Can scientists use DNA from polar bear footprints to help improve conservation efforts during this age of climate change? This is what a recent study published in Frontiers in Conservation Science hopes to address as a team of international researchers have developed a novel tool designed to use DNA from polar bear footprint skin cells with the goal of tracking the large mammals without the need to capture them, which often risks the safety of both the polar bears and their human captors in the process. This study holds the potential to develop new methods in tracking animals whose populations are at risk as climate change continues to warm the planet.
Polar bear near Utqiagvik, Alaska in May 2022. (Credit: Elisabeth Kruger, World Wildlife Fund)
The World Wildlife Fund (WWF) currently estimates 22,000-31,000 polar bears worldwide, which are divided into 19 distinct sub-populations while classifying a “vulnerable” risk to polar bears on the international scale, along with having this same classification for Greenland, Denmark, and Norway. Additionally, they are polar bears are classified as “threatened” in the United States, “recovering” in Russia, and “special concern” in Canada, the last of which 60-80 percent of polar bears reside. As noted, capturing or trapping polar bears can be extremely dangerous, with previous methods using low-flying helicopters to dart polar bears.
“It is particularly challenging, expensive, and time-consuming to find polar bears in the Arctic, let alone count them and understand how they are coping with climate change,” said Dr. Melanie Lancaster, who is a Senior Specialist of the WWF Arctic Programme and a co-author on the study.

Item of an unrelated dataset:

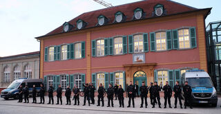 Die Polizei ist vor Ort und hat sich vor dem Palais Hirsch platziert.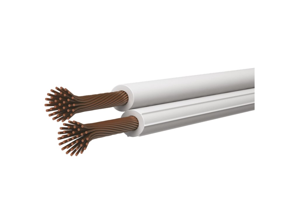 Nestíněná dvojlinka (vodič) s průřezem 2 × 0,75 mm2. Dvojlinka má bílou barvu a plášť z PVC.

For the study, the researchers used common forensic methods that can be used on DNA samples and aspired to see if this same method can be used to track polar bears in the wild. The team collected snow samples from 24 wild polar bear tracks and 44 wild lynx tracks who resided both in the wild and captivity, along with tracks from a single snow leopard in captivity. In the end, the team found they could identify nuclear DNA from 87.5 percent of wild polar bear tracks and 59.1 percent of wild lynx tracks. Additionally, they found they could ascertain the sub-population—or genotype—for 13 of the wild polar bear samples and 11 percent of the lynx samples and the samples obtained by trained personnel yielded a 76 percent retrieval of nuclear DNA along with genotyping 24 percent of those samples, as well.
“We hope this method will be taken up by the polar bear research community, with the involvement of hunters, volunteers, and Indigenous communities, as a new way to collect information on polar bears,” said Dr. Lancaster. “We also hope the method will be expanded to other animals living in snowy environments — we have shown it works for lynx and snow leopards as a start.”
How will this new method aid in conservation efforts for polar bears and other mammals in the coming years and decades? Only time will tell, and this is why we science!
As always, keep doing science & keep looking up!